Although this sentiment makes good sense as a general rule, it does not apply here. To the contrary, after watching the entire series, even a relatively old person such as myself who neither uses, nor really understands Instagram, can see that Eva.stories has the potential to reach more people who haven’t been educated about the Holocaust since the 1993 release of “Schindler’s List.”

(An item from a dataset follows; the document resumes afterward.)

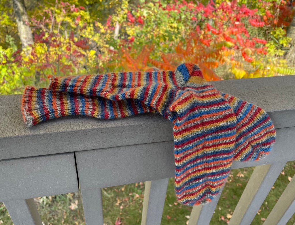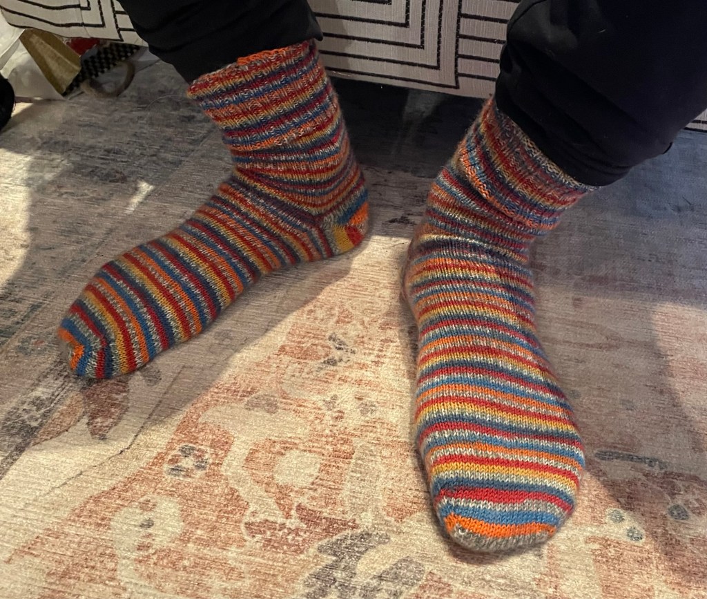 I don’t remember where the next photo was taken, but the socks were almost done at this point.
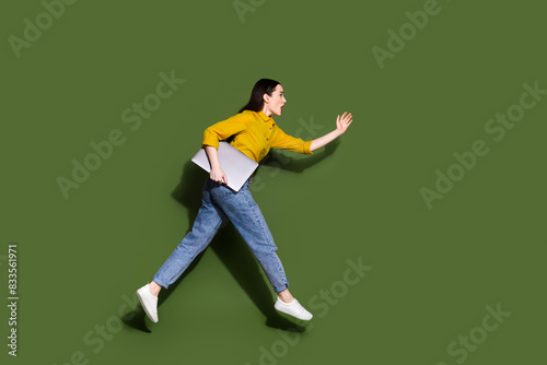Full length photo of charming positive woman wear yellow shirt holding modern gadget jumping high isolated khaki color background

The Holocaust ended almost 75 years ago, an eternity for young people. The possibility of them hearing about the Shoah from the mouth of a survivor is becoming increasingly rare, and their minds are already numbed by the violence of mass shootings and raging wars. We say “Never Forget,” but our collective memories are quickly fading, and we must find new avenues to teach our children about the Holocaust before it becomes a hastily turned page in a textbook, rather than an oft-repeated cautionary tale of a systematic effort to wipe our people off the Earth.

If innovation were a third-rail for Holocaust education, we’d never have films like Kirsten Dunst’s “The Devil’s Arithmetic,” the play “Anne Frank & Me,” or Art Spiegelman’s hugely influential graphic novel “Maus.”

There are important new projects that teach young people about the Shoah, such as “Names, Not Numbers,” with middle and high school students profiling survivors and working with filmmakers to produce a documentary on their lives. Golda Och Academy in West Orange will be screening theirs on May 28 at Temple Beth Shalom in Livingston, and the Joseph Kushner Hebrew Academy will screen their documentary the following day on their Livingston campus.

But few communities are privileged to have the resources we do, and a compelling story on social media is accessible to a far larger and broader audience. Teenagers watching someone who speaks like they do, who goes to school, who has a loving family, who dances to music in her living room, who dreams about having a career — all in color, by the way — and who loses it all through a series of freedoms revoked in a few months, that’s relatable, and it’s compelling no matter how old you are. Anyone who values Holocaust education should watch, encourage their children and grandchildren to do the same, and applaud the individuals responsible for creating this medium of story-telling so that others will follow their lead.